WORK ORDER | Lines from the one containing "Wooden house on" through the end of the material are to be retyped exactly; do not copy pictures.
RECORDED DATA below:
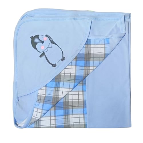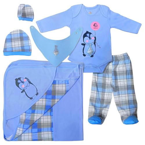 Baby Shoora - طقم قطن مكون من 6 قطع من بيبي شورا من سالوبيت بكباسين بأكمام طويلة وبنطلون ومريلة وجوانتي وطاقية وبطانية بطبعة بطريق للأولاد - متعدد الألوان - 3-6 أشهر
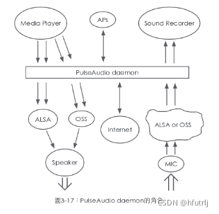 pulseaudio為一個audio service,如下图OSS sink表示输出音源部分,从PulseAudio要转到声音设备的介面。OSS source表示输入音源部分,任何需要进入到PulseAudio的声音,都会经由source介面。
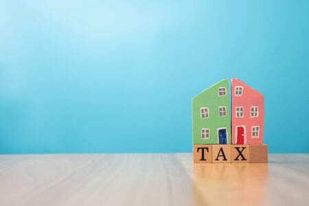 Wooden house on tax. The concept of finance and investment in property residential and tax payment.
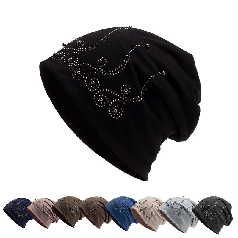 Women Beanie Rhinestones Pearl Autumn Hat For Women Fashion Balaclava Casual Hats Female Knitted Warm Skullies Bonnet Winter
End of RECORDED DATA.
TASK ANSWER |
 Wooden house on tax. The concept of finance and investment in property residential and tax payment.
 Women Beanie Rhinestones Pearl Autumn Hat For Women Fashion Balaclava Casual Hats Female Knitted Warm Skullies Bonnet Winter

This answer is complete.